╭─ DATA SUPPLIED
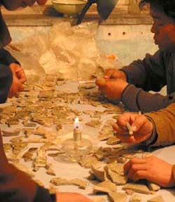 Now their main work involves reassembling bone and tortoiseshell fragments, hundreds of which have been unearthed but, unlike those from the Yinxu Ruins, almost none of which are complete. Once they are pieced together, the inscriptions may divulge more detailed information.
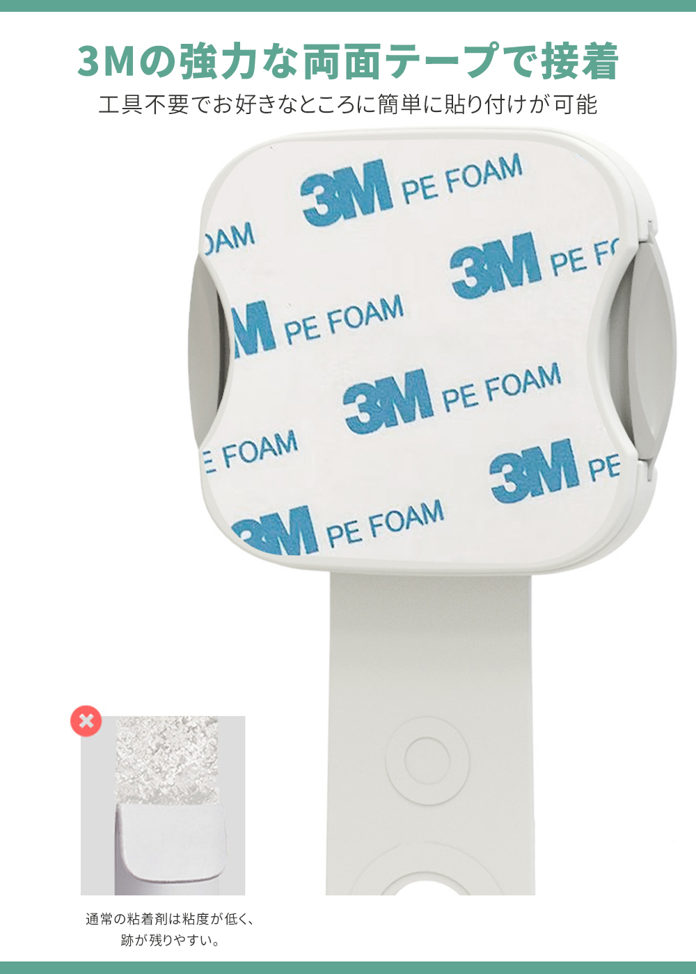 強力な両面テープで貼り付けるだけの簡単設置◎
╰─
╭─ DATA SUPPLIED
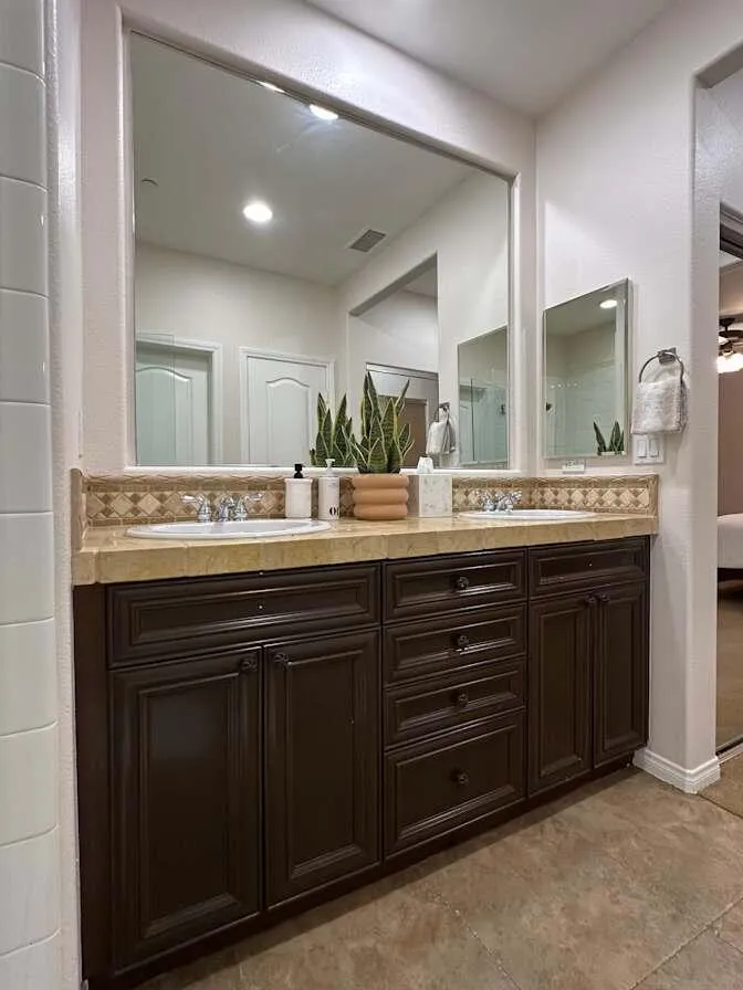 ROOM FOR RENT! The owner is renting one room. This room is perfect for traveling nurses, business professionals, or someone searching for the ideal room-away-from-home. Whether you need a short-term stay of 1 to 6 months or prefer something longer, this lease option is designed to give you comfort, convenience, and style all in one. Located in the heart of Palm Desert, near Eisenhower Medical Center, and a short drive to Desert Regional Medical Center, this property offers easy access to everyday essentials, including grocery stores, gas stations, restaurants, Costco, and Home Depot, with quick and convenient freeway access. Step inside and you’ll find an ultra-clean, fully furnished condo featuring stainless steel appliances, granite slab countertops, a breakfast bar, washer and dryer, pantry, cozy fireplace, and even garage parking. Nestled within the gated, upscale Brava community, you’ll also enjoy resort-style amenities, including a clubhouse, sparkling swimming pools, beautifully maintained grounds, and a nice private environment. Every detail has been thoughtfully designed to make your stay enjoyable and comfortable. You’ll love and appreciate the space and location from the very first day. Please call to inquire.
╰─
╭─ DATA SUPPLIED
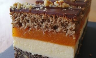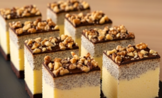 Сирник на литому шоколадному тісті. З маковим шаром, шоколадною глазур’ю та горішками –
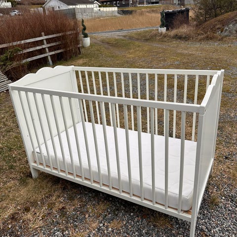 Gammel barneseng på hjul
╰─
[YOUR TASK] Each line above from the one containing "Now their main" through the one containing "強力な両面テープで貼り付けるだけの簡単設置◎" is to be returned verbatim. Nothing else, and no pictures.

[WRITTEN ANSWER]
 Now their main work involves reassembling bone and tortoiseshell fragments, hundreds of which have been unearthed but, unlike those from the Yinxu Ruins, almost none of which are complete. Once they are pieced together, the inscriptions may divulge more detailed information.
 強力な両面テープで貼り付けるだけの簡単設置◎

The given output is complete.